I sought for the greatness and genius of America in her commodious harbors and her ample rivers — and it was not there. I sought in the fertile fields and boundless forest — in her rich mines and vast world commerce — and it was not there. I sought for the greatness and genius of America in her democratic Congress and her matchless Constitution — it was not there. Not until I went into the churches of America and heard her pulpits flame with righteousness did I understand the secret of her genius and power. America is great because America is good — and if America ever ceases to be good, America will cease to be great.

Two things have always impressed me about this penetrating analysis of our wonderful country. The first is that it is an eloquent commentary on Proverbs 14:34.

But, there is a second point in this quotation that impresses me. The part where he wrote, "Not until I went into the churches of America and heard her pulpits flame with righteousness." Many of America's Universities, Seminaries and Bible Colleges have accepted the philosophy of modernity with its underlying assumption that there is no such thing as absolute truth. According to George Barna's research, 81% of Generation X'ers reject the concept of absolute truth.

With this wholesale abandonment of truth has come a new kind of pulpit. Americans with itching ears have found what they want (2 Timothy 4:3-4). Many of today's pulpits no longer ring with righteousness. Instead we are being spoon fed spiritual Pabulum by stand-for-nothing, fall-for-anything preachers and leaders who will say and do whatever it takes to fill the pews or pay the bills.
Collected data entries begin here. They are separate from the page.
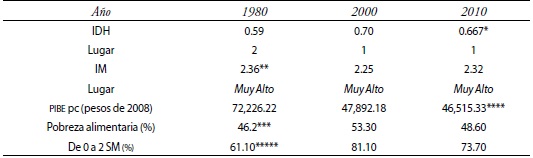El cuadro 2 muestra que en el estado de Chiapas, los niveles de pobreza se han mantenido muy altos y la economía no se ha recuperado de la gran contracción que sufrió en la década de 1980. En la entidad, tres de cada cuatro trabajadores ocupados siguen ganando menos de dos salarios mínimos (en Nuevo León el porcentaje se reduce a uno de cada cuatro).
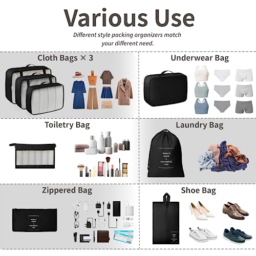 - Multifunctional Storage - Our packing cubes comes in 8 pcs, including cloth bag for 3 sizes, underwear bag, shoe bag, laundry bag, zippered bag, toiletry bag, to meet your different storage needs when you travel. Large interior volume holds all your travel clothing, shoes, makeup, shaving accessories, keys, charger, usb data cable and more.
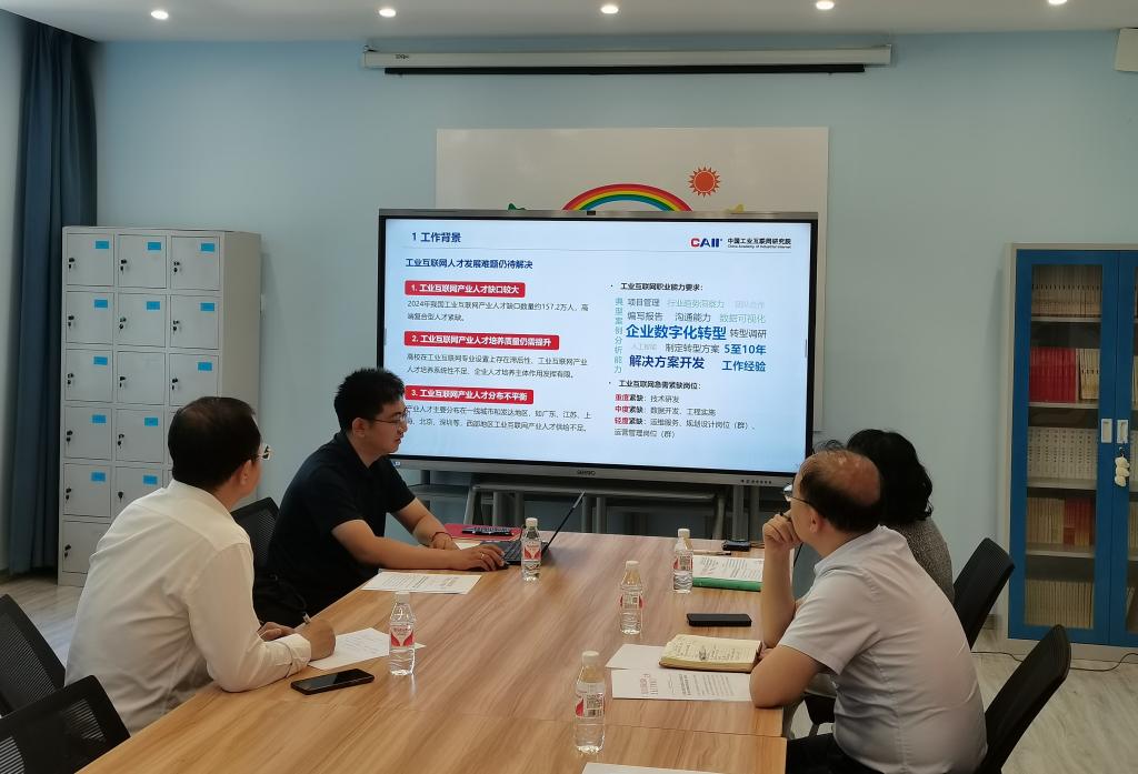 6月17日,工信部中国工业互联网研究院数字人才基地建设工作负责人李佳腾高工来我院对接“工业互联网产教融合实践中心(以下简称中心)”和“数字技术工程师培育项目工业互联网程技术人员考核站(以下简称考核站)”建设工作,分院院长李子峰,副院长鲍敏,物联网应用技术教研室主任陈天凯以及相关企业专家参加对接会。
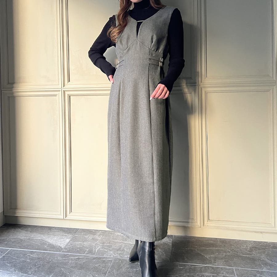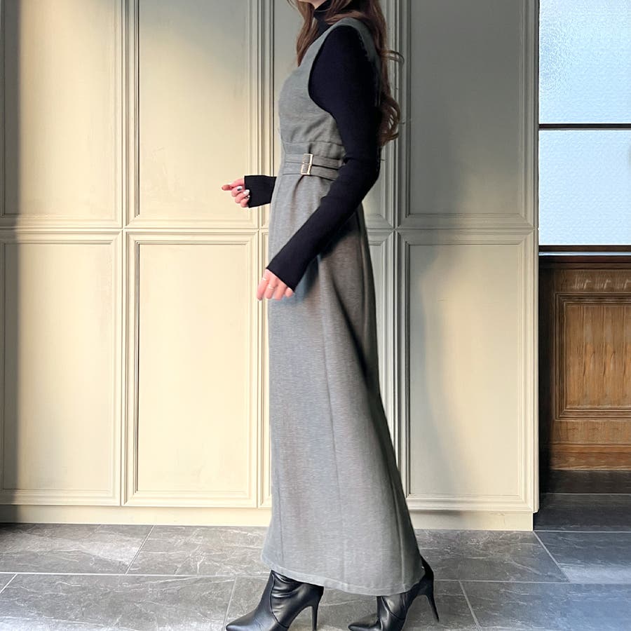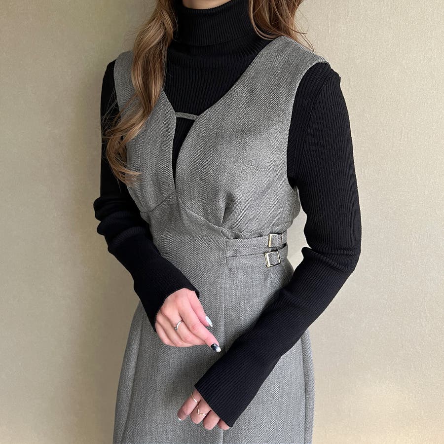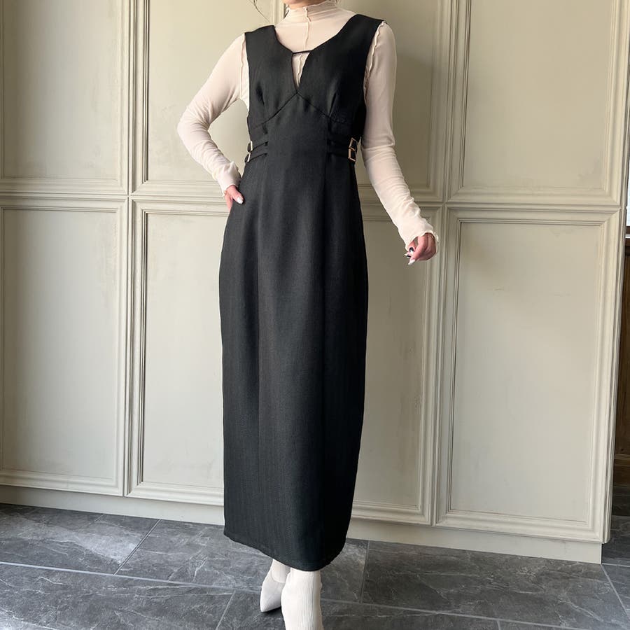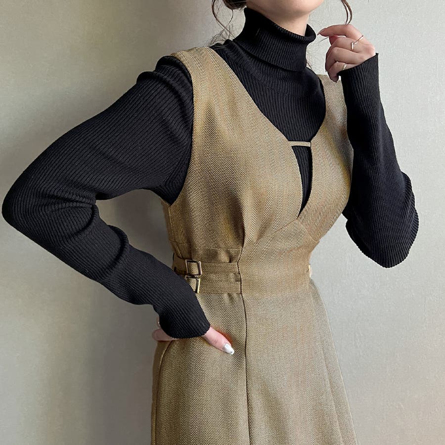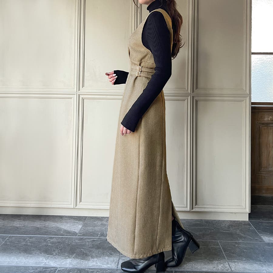 ヘリンボーンサイドベルトタイトジャンパースカート
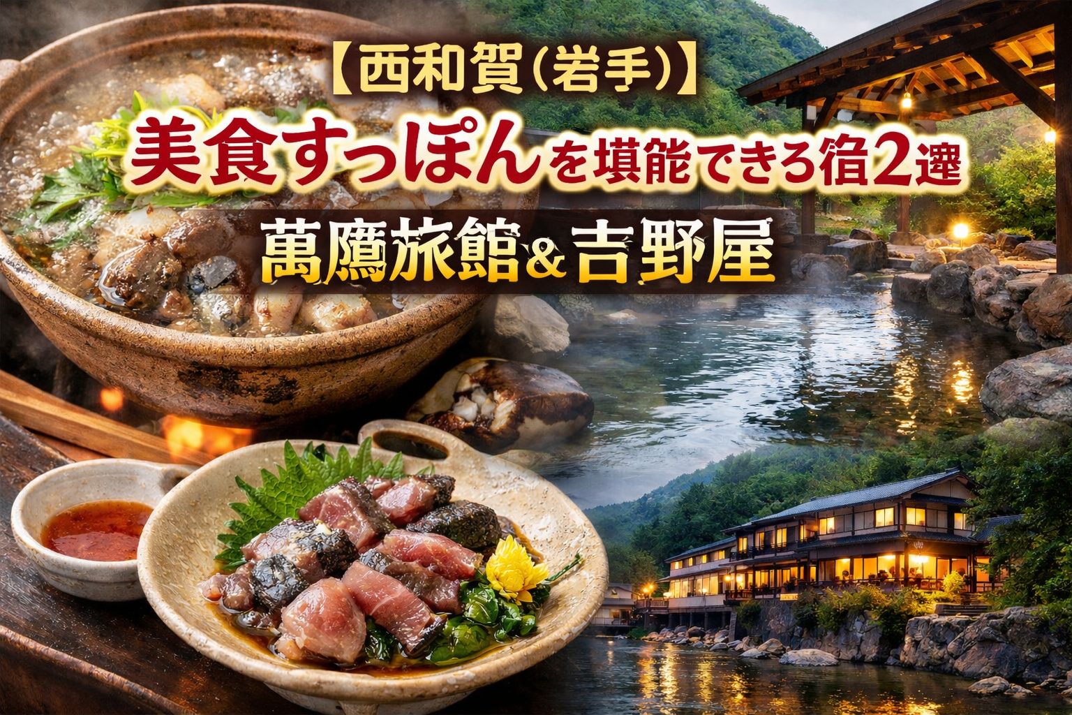 萬鷹旅館の本格フルコースや、吉野屋の選べる創作料理と源泉かけ流し温泉など、他ではなかなか味わえない贅沢がここにあります。

Recently one of our members saw a sign in front of a church that read, "fun songs and friendly sermons." Friends, the fire has gone out in too many pulpits! Surely no visiting author would say of today's pulpits that they "flame with righteousness."

Gone is the cry for repentance from sin and the call to holiness. In its place we find, transactional analysis, self affirmation, and a unique colloidal concoction consisting of equal parts of P. T. Barnum hucksterism, Madison Avenue gimmick and Rogerian ambiguity.

Let's get back to the book! Lets stop wasting valuable pulpit time with the latest "feel good" pop-psychology, promotionalism, learned theological speculation, and get back to plain, penetrating Bible preaching that calls men and woman to holiness now. Almighty God demands that the preacher stop ending every sentence with a question mark. God help us to relearn the preacher's marching orders:

"I charge you therefore before God and the Lord Jesus Christ, who will judge the living and the dead at His appearing and His kingdom: Preach the word! Be ready in season and out of season. Convince, rebuke, exhort, with all longsuffering and teaching. . .  But you be watchful in all things, endure afflictions, do the work of an evangelist, fulfill your ministry" (2 Timothy 4:1,2,5)

In a word, God's charge to Timothy and Titus is the same one that he sets forth to every one who would be a faithful Gospel preacher, make the pulpit once again "flame with righteousness," "Preach the word."